Record set
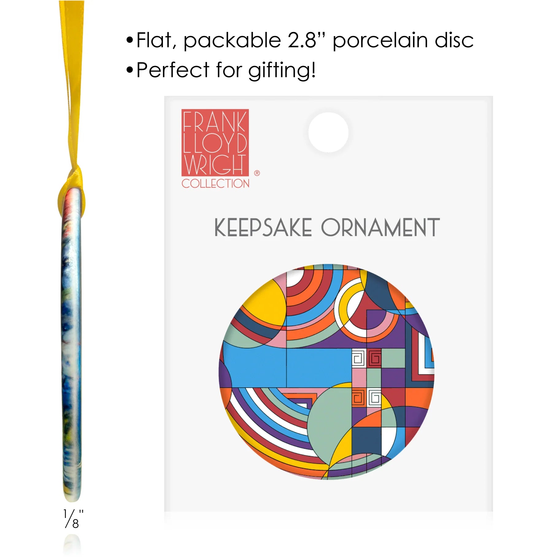 Accent your home with this captivating porcelain keepsake ornament. Our keepsake ornament collection features a series of fine art designs. Beautiful displayed individually or as a group. Experience the artistic brilliance of Frank Lloyd Wright beyond his architectural masterpieces. Explore the intricate world of his drawings, designs, and illustrations that are both functional and artistic. Wright's unique artistic vision, characterized by geometric precision and organic inspiration, is a testament to his creative genius. Discover the beauty of Frank Lloyd Wright's artworks and bring the spirit of innovation and aesthetics into your space. Immerse yourself in the artistic world of this American architectural visionary! The "Hoffman Rug" ornament adds a touch of grandeur to any room.
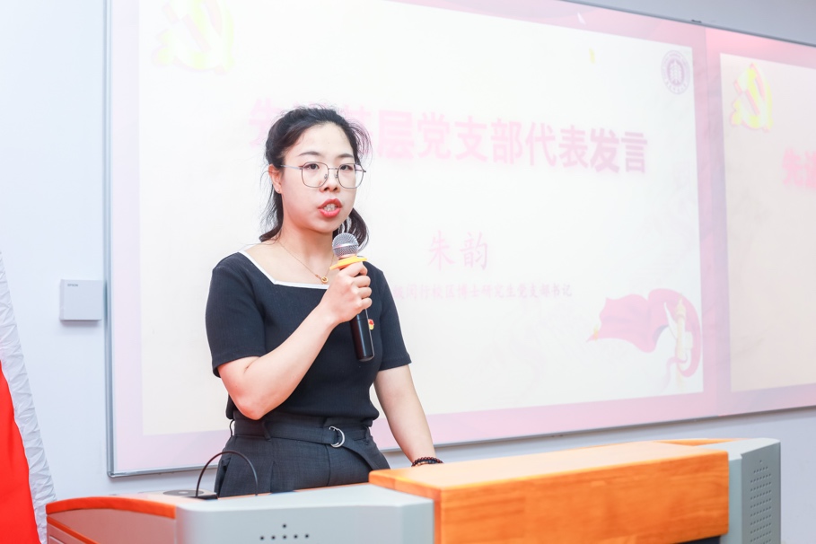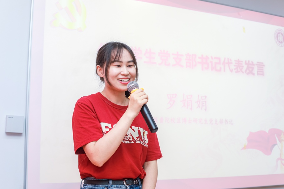 2021级普陀校区博士研究生党支部书记罗娟娟作为优秀党支部书记发言。罗娟娟首先表达了作为青年学生党支部书记所肩负的责任和使命,并向大家介绍了引领支部工作的特色经验,表达在今后的党建工作中,党支部的决心和勇气,和学生党员一起奏响“不负时代、不负韶华、不负党和人民殷切期望,扛起青春有我”的时代强音。
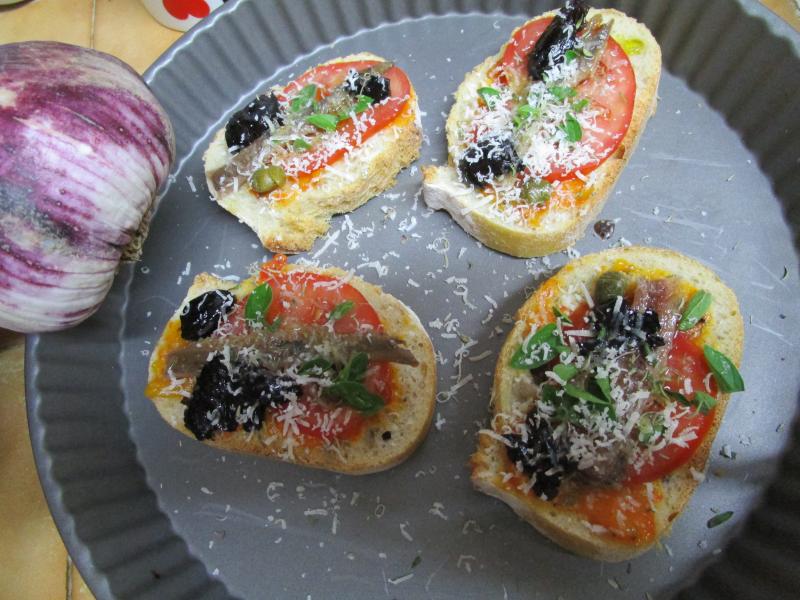 Couper de grandes tranches de pain, passer 2 poivrons au four, enlever la peau, les mixer avec un filet d'huile d'olives et du thym; tartiner les tranches, ajouter câpres, anchois, tomates, olives ,parmesan, faire griller au four 20 min décorer avec des feuilles de roquette
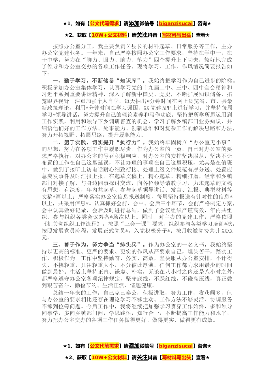 ★1、如有【公文代笔需求】请添加微信号【biganzisucai】咨询★★2、获取【10W+公文材料】请关注抖音【写材料写出头】查看★按照办公室分工,我主要负责X县长的材料起草、日常服务等工作,主办办公室党建业务。一年来,自己严格按照办公室工作要求,坚持在学中干,在干中学,努力在“脚力、眼力、脑力、笔力”四个提升上下功夫,较好地完成了领导和办公室交办的各项工作任务。现将学习、工作、作风情况简要报告如下:一、勤于学习,不断储备“知识库”。我始终把学习作为自己进步的阶梯。积极参加办公室集体学习,认真学习党的十九届二中、三中、四中全会精神和习近平系列重要讲话精神,深入了解新中国史、党史,不断扩展知识储备,拓宽眼界视野。注重加强个人自学,每天抽出*分钟时间在网上浏览省、市、县最新政...
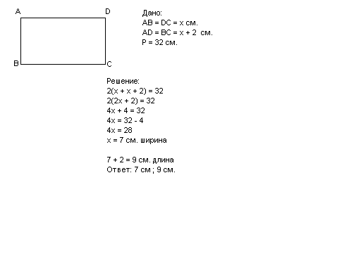 1. Одна из сторон прямоугольника на 2 см больше другой, а периметр прямоугольника равен 32 см. Найди стороны прямоугольника.
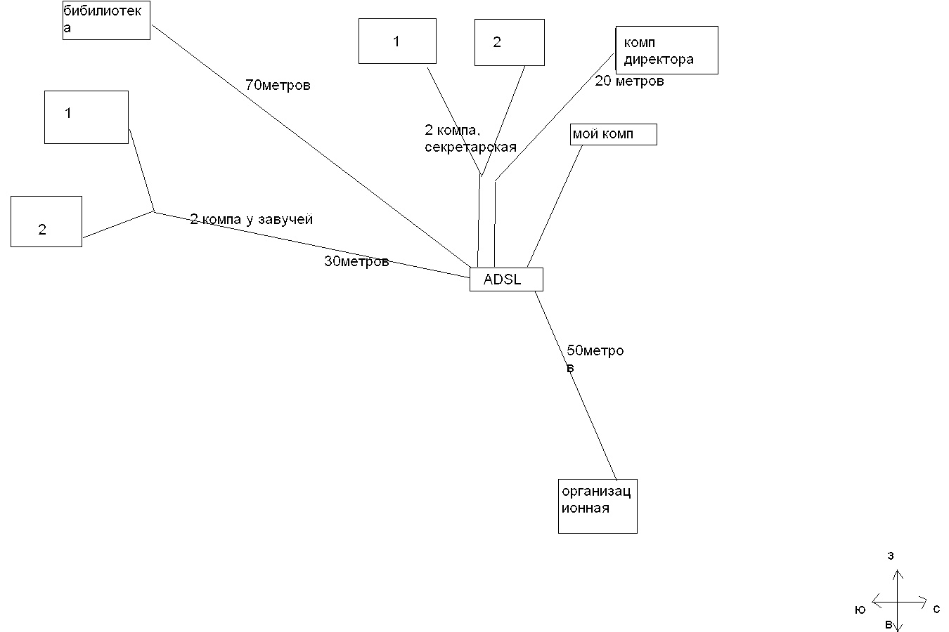 4). 2компьютера у завучей , на расстоянии от модема в 30 метров.
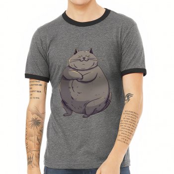 Fat Cat Ringer T-Shirt – Funny T-Shirt – Animal Art Ringer Tee
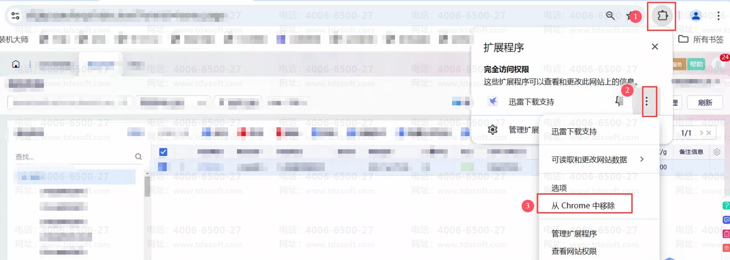 1、关闭:点击浏览器右上角【扩展程序】,找到第三方下载软件,然后点击【从Chrome中移除】,如图所示。
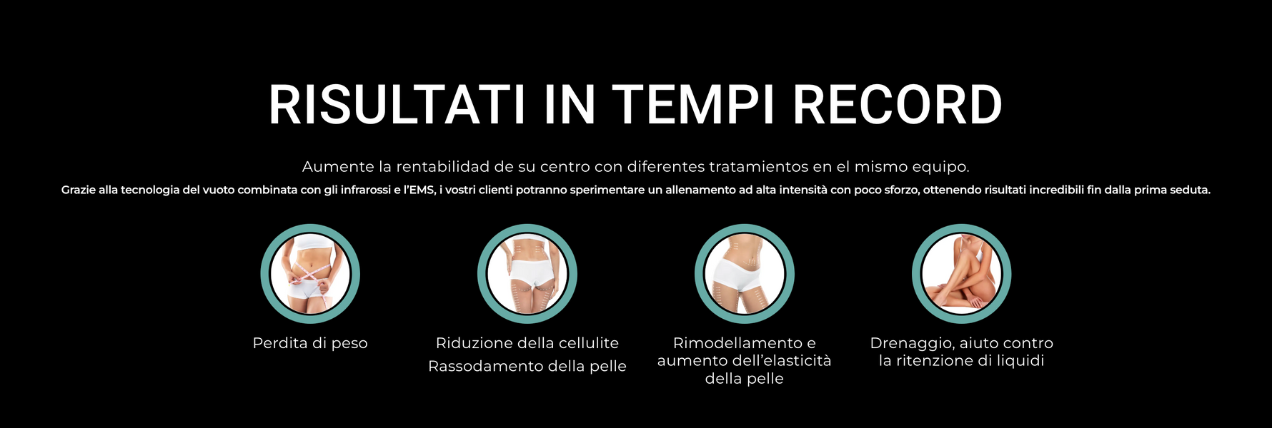 | Benefici | Perdita di peso, riduzione cellulite, drenaggio liquidi, rimodellamento, aumento elasticità e tono |
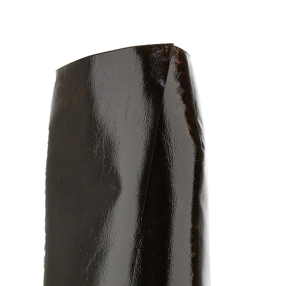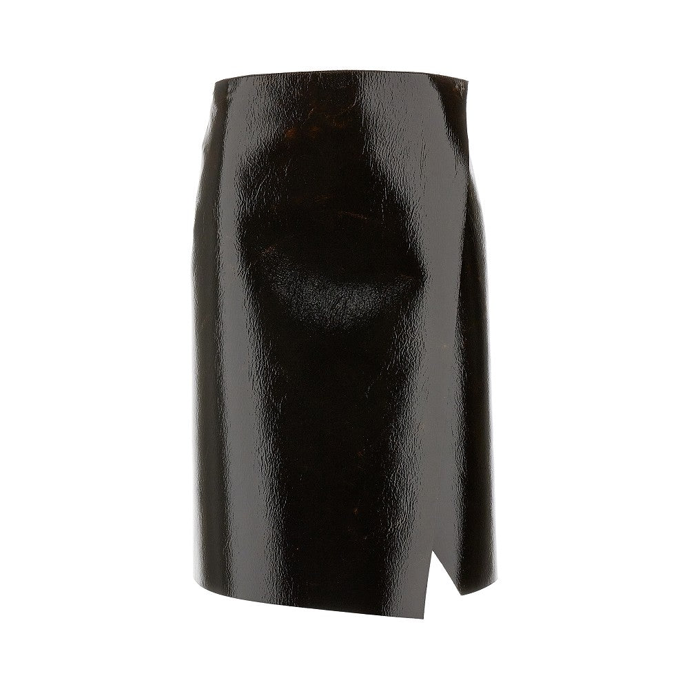 Gonna al ginocchio realizzata in tessuto di misto lana con spalmatura lucida effetto pelle, caratterizzata dal design a portafoglio. Chiusura con bottoni a scomparsa sulla vita. Silhouette dritta e regolare con vita bassa.

Aim of the task
Write the lines from the one containing "1、关闭:点击浏览器右上角【" through the end of the data above exactly as they appear, and do not carry over any picture.

Written answer
 1、关闭:点击浏览器右上角【扩展程序】,找到第三方下载软件,然后点击【从Chrome中移除】,如图所示。
 | Benefici | Perdita di peso, riduzione cellulite, drenaggio liquidi, rimodellamento, aumento elasticità e tono |
 Gonna al ginocchio realizzata in tessuto di misto lana con spalmatura lucida effetto pelle, caratterizzata dal design a portafoglio. Chiusura con bottoni a scomparsa sulla vita. Silhouette dritta e regolare con vita bassa.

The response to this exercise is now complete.